_Problem to work on_: All lines from the top of the records below through the line holding "在【设置】界面,选择并点击【注销账号】选项。", and only those, should be printed exactly, minus the pictures.

_Exercise input_:
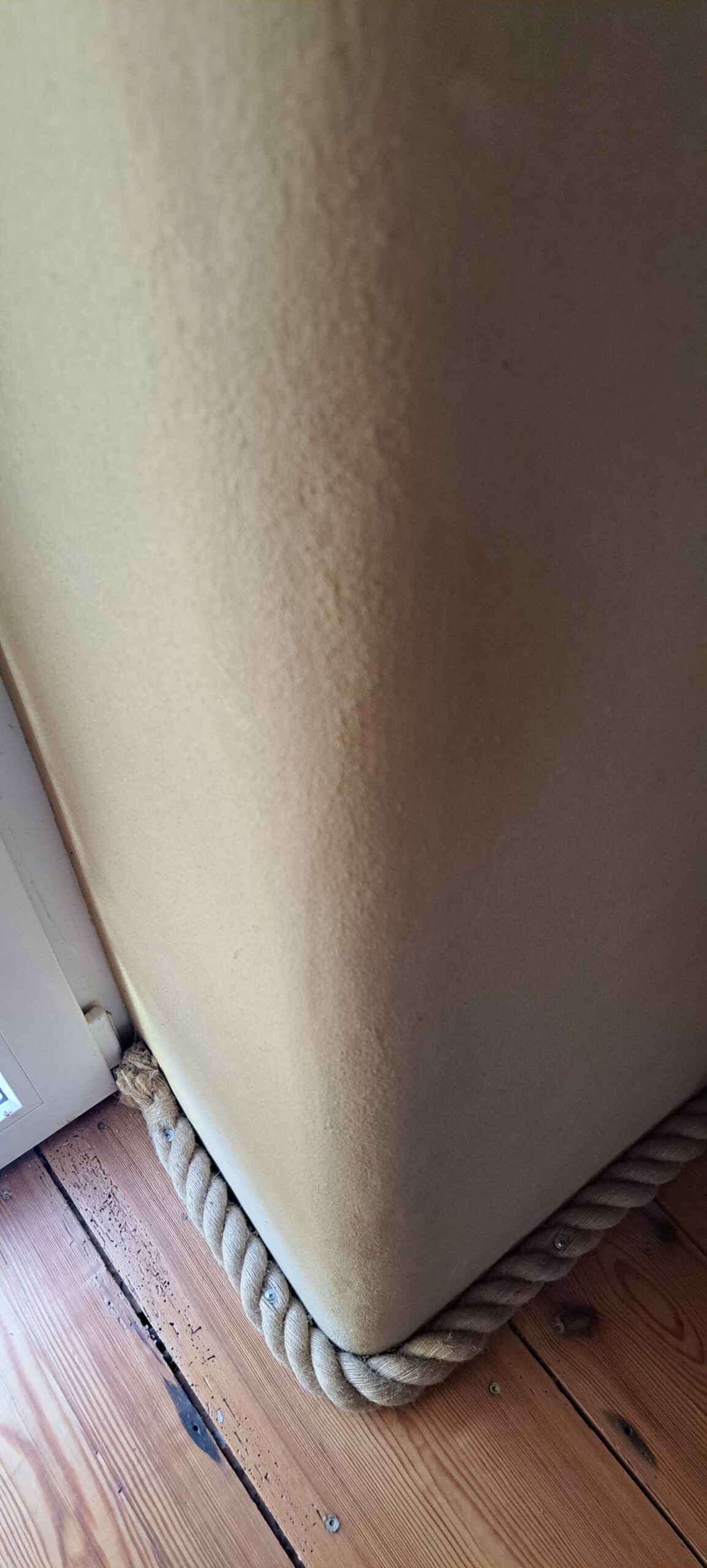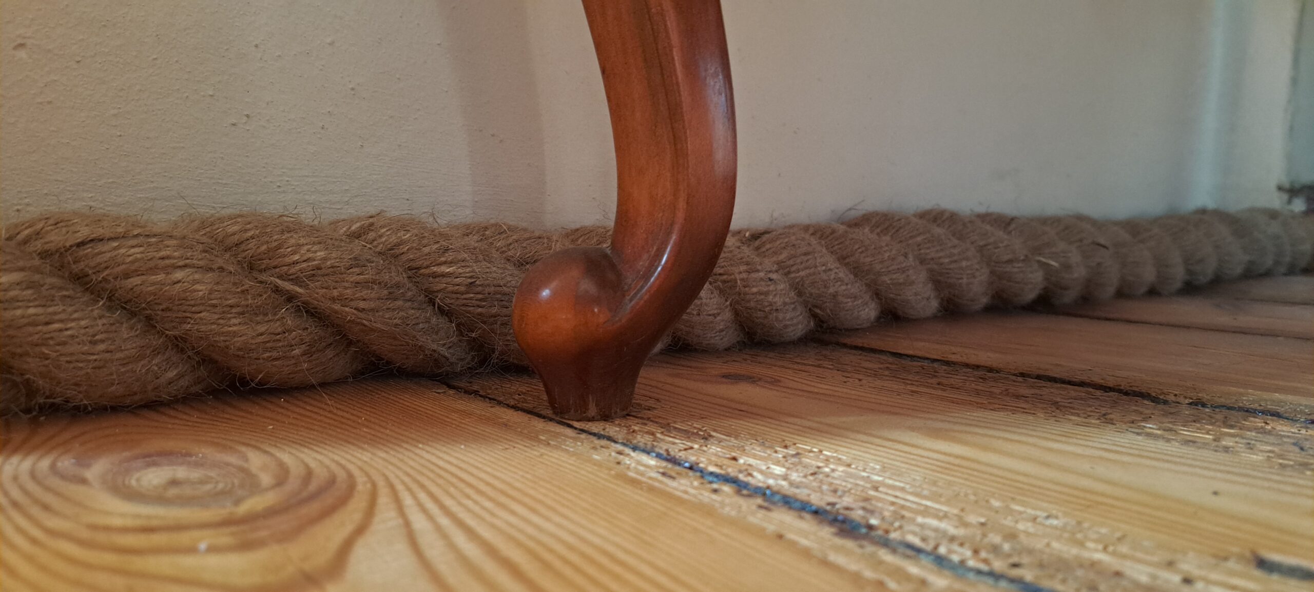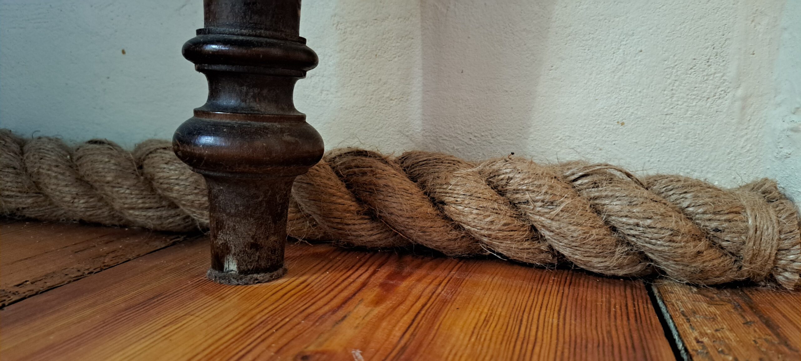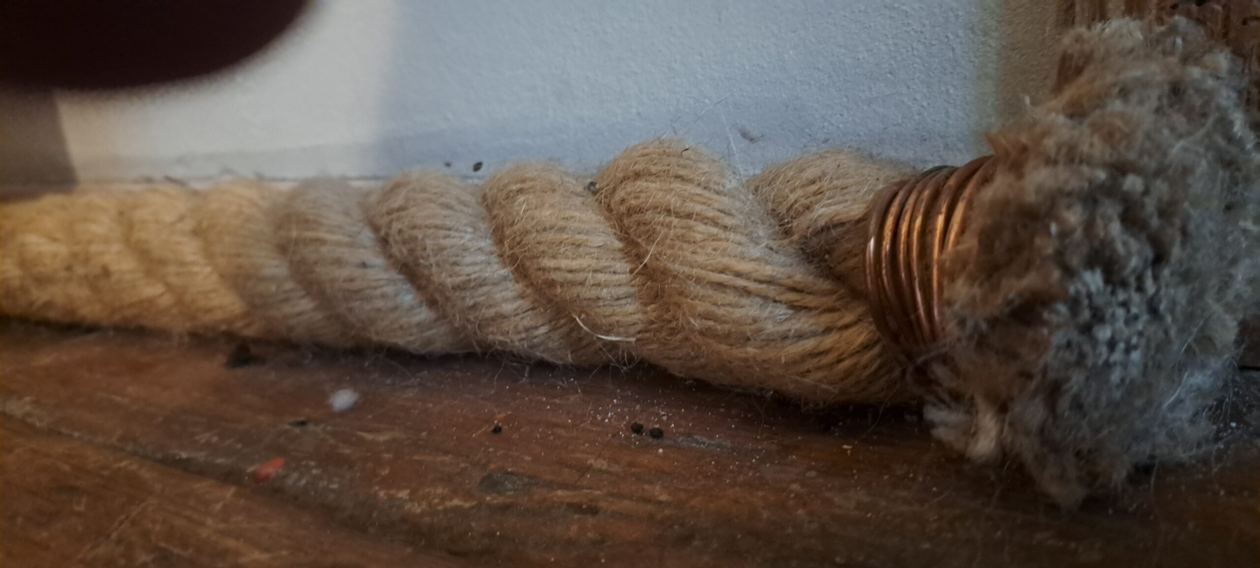 Często mocujemy liny jutowe zamiast listew przypodłogowych. Są szybsze w montażu i łatwiej je odpowiednio umieścić na małych fragmentach ścian. Nie wymagają stosowania specjalnych mocowań, narożników lub drogich zakończeń. Łączenie dwóch kawałków liny jutowej można łatwo zamaskować w rogach ścian lub np. za meblami.
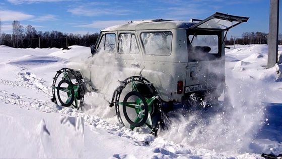 YouTube-канал «Гараж 54» нашел теоретический способ преодоления метровой толщи снега. Литые колесные диски, низкопрофильные шины… А как насчет роторно-фрезерного движителя? По сути это узкие металлические роторы, выглядящие как огромные дисковые фрезы. Они прорезают толщу снега, позволяют добраться до грунта и таким образом двигаться вперед. Мастера «Гаража 54» изготовили нечто подобное для установки на УАЗ и испытали конструкцию в полях при глубине снега около 80 см и больше. На некоторых, достаточно ровных участках автомобиль действительно едет, но возможности его на железных колесах не безграничны. Достаточно упереться в сугроб передним мостом, чтобы УАЗ обездвижился. Есть и другой недостаток — в отсутствие гидроусилителя управлять автомобилем с роторно-фрезерными движителями очень сложно.
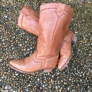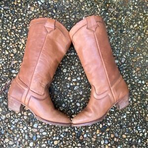 Great vintage cowboy boots in lightly distressed but excellent vintage condition. 2 inch heels. 13 inches tall. No makers name found.
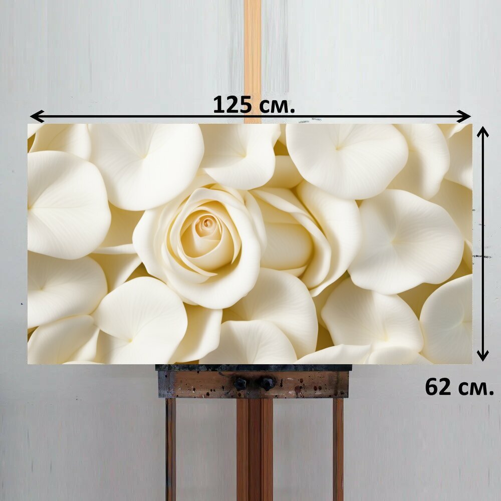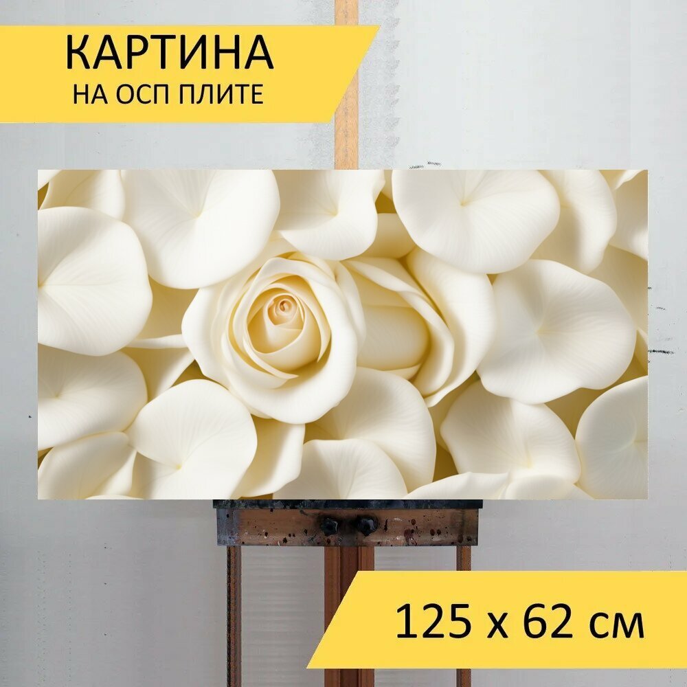 Картина на ОСП любителям природы "Цветы, роза, белые лепестки" 125x62 см. для интерьера на стену интересное:
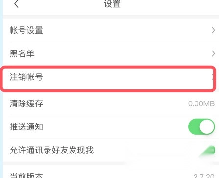 在【设置】界面,选择并点击【注销账号】选项。
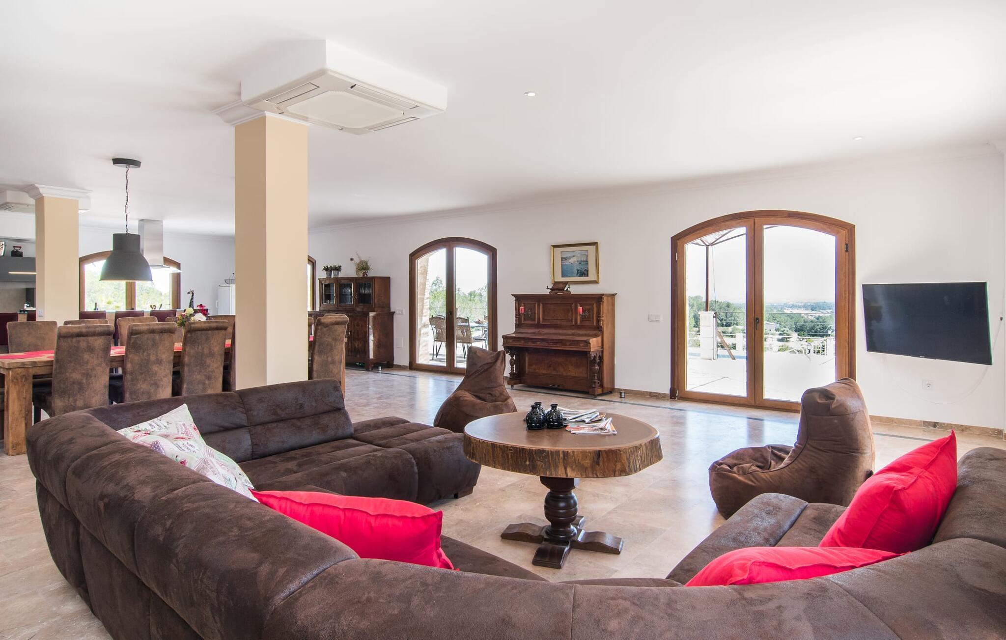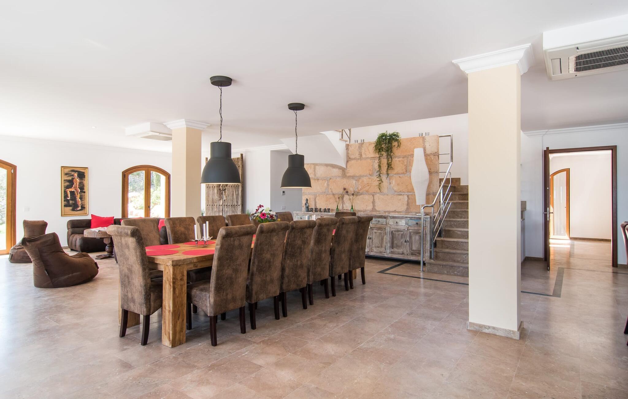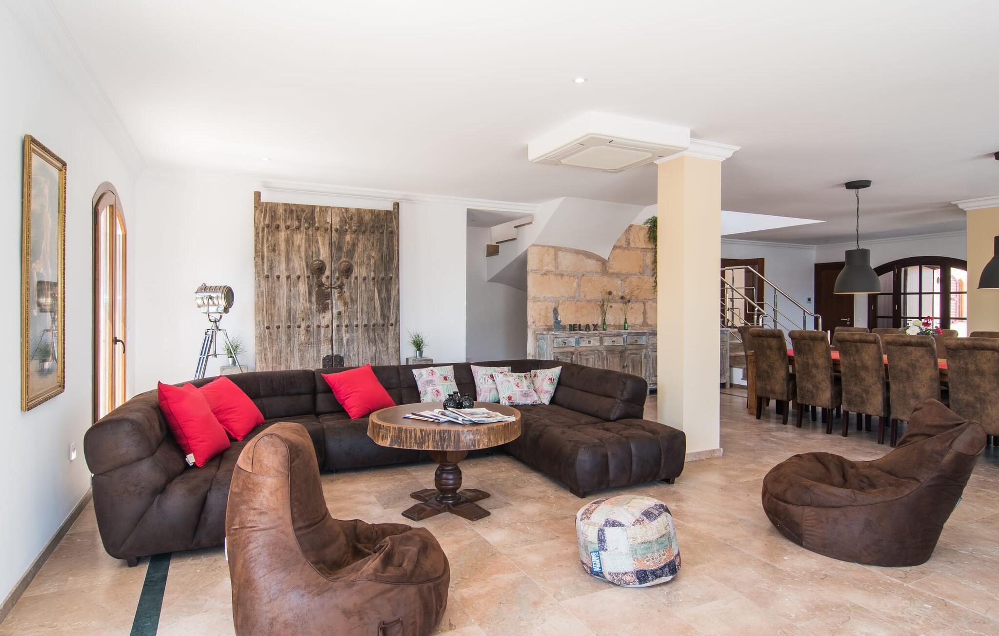 Dienstags kann man über die nahegelegene Landstraße, die je nach Windverhältnissen gut zu hören ist, zum Wochenmarkt im beschaulichen Städtchen Porreres fahren. Hier finden Sie alles: sonnengereiftes Obst und Gemüse, guten Wein, aber auch Haushaltswaren und Kleidung. Erleben Sie das geschäftige Treiben des Marktes in den kleinen Gassen und genießen Sie die herzliche Gastfreundschaft der Einheimischen in den vielen Restaurants und Cafés. Sehenswerte Touristenattraktionen sind die im 17. Jahrhundert erbaute Pfarrkirche Senyora de Cosolació und das etwa 4 km entfernte Kloster Santuari di Monti-Sion. Sie können das Kloster zu Fuß oder mit dem Auto erreichen. Dort können Sie einen unvergesslichen Blick auf die Insel erhaschen. Und auch für alle Meereshungrigen haben wir etwas im Angebot – nämlich eine Empfehlung für einen ausgedehnten Strandausflug. Sie werden schnell Abhilfe schaffen: Viele schöne Strände erreichen Sie in ca. 10 Minuten. 20 Minuten mit dem Auto. Die traumhafte Villa „Inka“ mit Pool liegt im Süden Mallorcas – im beschaulichen Gemeindebezirk Porreres. Das Anwesen erstreckt sich über satte 28.000 m² mit Panoramablick auf die idyllische Landschaft. Über die Landstraße gelangen Sie direkt zum Wochenmarkt von Porreres, Supermärkte sind in unmittelbarer Nähe und die schönsten Strände dieser beliebten Insel erreichen Sie in ca. 10 Minuten. 20 Minuten mit dem Auto.
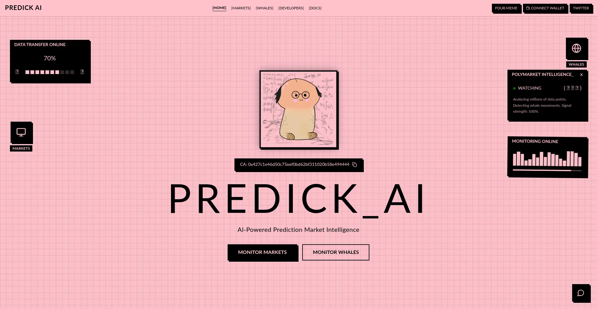 Predick AI is a memecoin with artificial intelligence utility that helps you make smarter decisions in predicting Polymarket trades. Track whale movements, analyze market sentim...
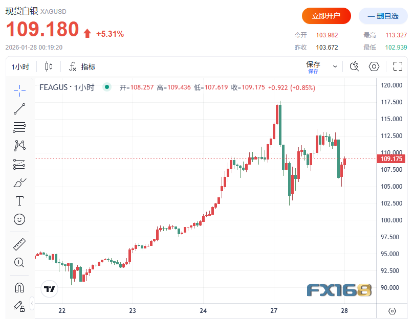 其他贵金属方面,现货白银周二大涨5.3%,交投于109.180美元一线;白银周一曾触及纪录高位117.69美元,今年以来涨幅已超过50%,此前一年涨幅达到146%。Widmer指出,白银后市波动可能明显加大,存在快速回撤风险,但强劲基本面与ETF资金流入或支撑其进一步上行,并提及潜在的更高目标区间。花旗则将白银短期目标价从100美元上调至150美元。与此同时,现货铂金下跌4.5%至2632.87美元,前一交易日曾创下2918.80美元的历史高位;钯金下跌2.4%至1935美元。
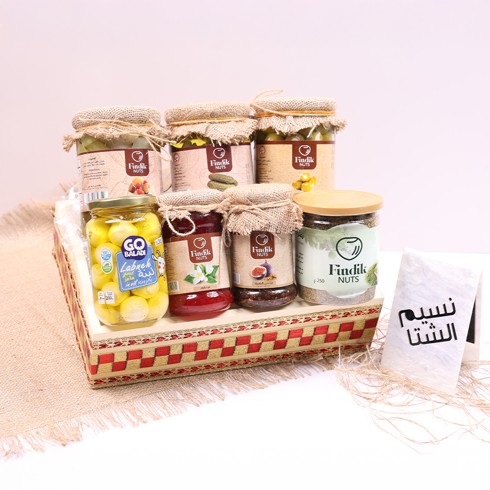 خلطة شتوية انيقة بتصميم يضم كرات لبنة الماعز بزيت الزيتون, زيتون مع لبنة, مربى تين بالمكسرات, مربى الورد, زعتر فلسطيني, مخلل مشكل سوبر, وخيار مخلل فاخر, لتجربة شتوية مليئة بالخير والبركة مع الدفء والمشروبات الساخنة والتأمل في جمال الصحراء الطبيعي.
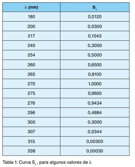- S(l) o efectividad espectral para el UV (180 400 nm). Ver tabla 1.
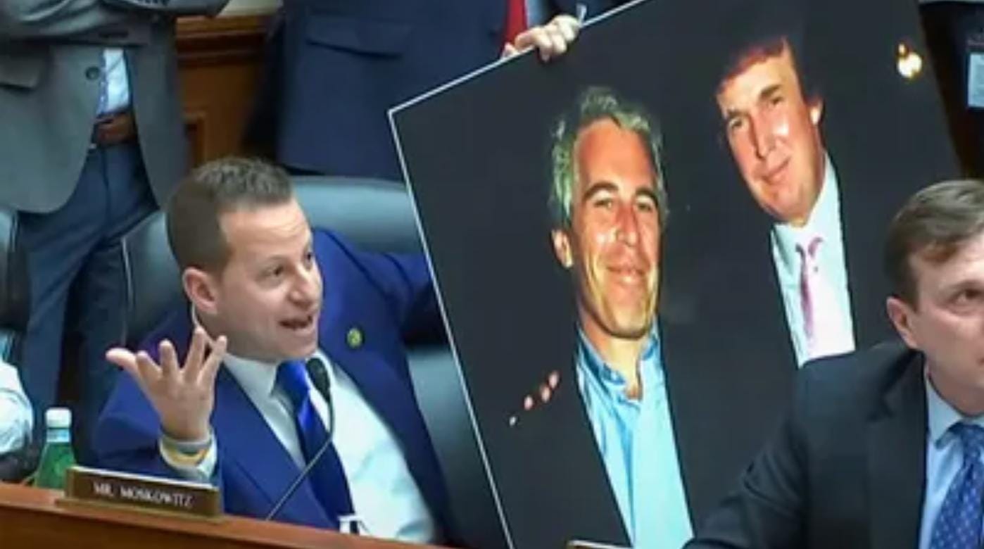 First, Rep. Jared Moskowitz, knowing the right wing is obsessed with Jeffrey Epstein, brought in an enormous photograph of Donald and Epstein together, and then, over Republicans objections, they refused to take it down. During a brief recess taken to get Marjorie Taylor Greene under control, Moskowitz waved the picture around to mock her.

_Exercise answer_:
 Często mocujemy liny jutowe zamiast listew przypodłogowych. Są szybsze w montażu i łatwiej je odpowiednio umieścić na małych fragmentach ścian. Nie wymagają stosowania specjalnych mocowań, narożników lub drogich zakończeń. Łączenie dwóch kawałków liny jutowej można łatwo zamaskować w rogach ścian lub np. za meblami.
 YouTube-канал «Гараж 54» нашел теоретический способ преодоления метровой толщи снега. Литые колесные диски, низкопрофильные шины… А как насчет роторно-фрезерного движителя? По сути это узкие металлические роторы, выглядящие как огромные дисковые фрезы. Они прорезают толщу снега, позволяют добраться до грунта и таким образом двигаться вперед. Мастера «Гаража 54» изготовили нечто подобное для установки на УАЗ и испытали конструкцию в полях при глубине снега около 80 см и больше. На некоторых, достаточно ровных участках автомобиль действительно едет, но возможности его на железных колесах не безграничны. Достаточно упереться в сугроб передним мостом, чтобы УАЗ обездвижился. Есть и другой недостаток — в отсутствие гидроусилителя управлять автомобилем с роторно-фрезерными движителями очень сложно.
 Great vintage cowboy boots in lightly distressed but excellent vintage condition. 2 inch heels. 13 inches tall. No makers name found.
 Картина на ОСП любителям природы "Цветы, роза, белые лепестки" 125x62 см. для интерьера на стену интересное:
 在【设置】界面,选择并点击【注销账号】选项。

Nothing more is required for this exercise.